If you do have to do this selection directly, look for folks with solid track records as both publishing academics and system implementers. Any working cryptographer who isn't inside an intelligence service will be publishing in academic journals. However, many purely academic cryptographers don't have the implementation experience required to write correct, production-grade primitive implementations or to evaluate the use of a primitive in context. Cryptography is a very small field; if you're not sure about the person you're thinking of hiring, ask for references and ask around.
As you begin the architecture design process, you'll also be beginning the next phase of threat modeling, the architecture model. In this level of the threat model we enumerate all of the components of the system in sufficient granularity to capture all of the trust boundaries in the system and map their connections. Next, we look at all the actions the system is intended to support at the requirements level and see how those actions flow through the system. We also model all of the supporting actions required to implement those requirements-level events, like login flows. With this model, we then look at how each step of each action could fail and whether that failure could compromise any of the security objectives of the system or any of the security properties it attempts to maintain. If flaws are found, mitigations are added and documented or the architecture is adjusted.
This detailed architectural threat model has a number of benefits. First, it ensures the architecture of the system is documented (a common failure mode). It also ensures that the location of enforcement for every rule in the system (such as access control or resource limitation) is documented, understood, and agreed upon. A proper threat model demonstrates concretely that, if implemented correctly, the system as-architected can meet its security objectives.

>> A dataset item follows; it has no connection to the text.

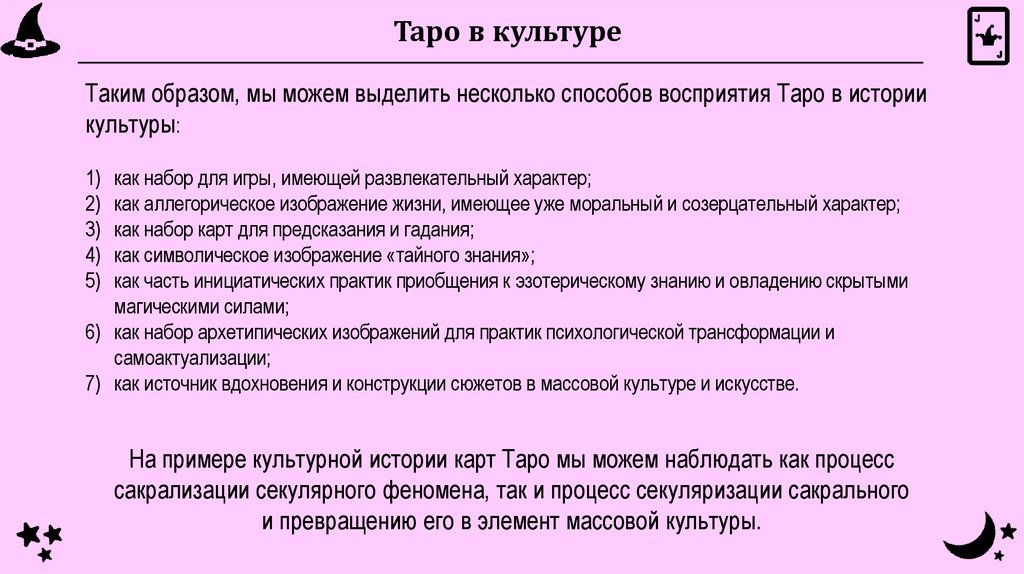 Таро в культуреТаким образом, мы можем выделить несколько способов восприятия Таро в истории

With agile processes an architectural model is still constructed and fully fleshed out for the initial architectural concept before any code is written. In many cases, the start of development will, in addition to the selection of frameworks, include a lump of development work to get the system to a point where it has enough of a coherent whole that further features can be seen as discrete additions. While this initial work may be understood as a set of sprints or user stories, it's also often planned as a unit. It's this unit that should undergo architectural threat modeling. Once the initial model is constructed, each additional user story or feature addition can then be seen as a corresponding addition to the threat model.
Once the (initial) architectural threat model is complete, development can move forward, as the team can now understand the security requirements for each module in the system.
If you're not in a position to build a development team in-house with the experience required to deliver secure applications, you'll need to bring in an external team. Many organizations may be familiar with working with development teams in general, but less familiar with the specific demands of higher-security applications. Development, like design, has different specializations, but the security specializations for development are more common. Who you need and the size of the team will be driven by the scope of the application and its complexity. When hiring a development team, while the usual markers around budget and delivery ability matter, you're looking for a few specific things when it comes to security.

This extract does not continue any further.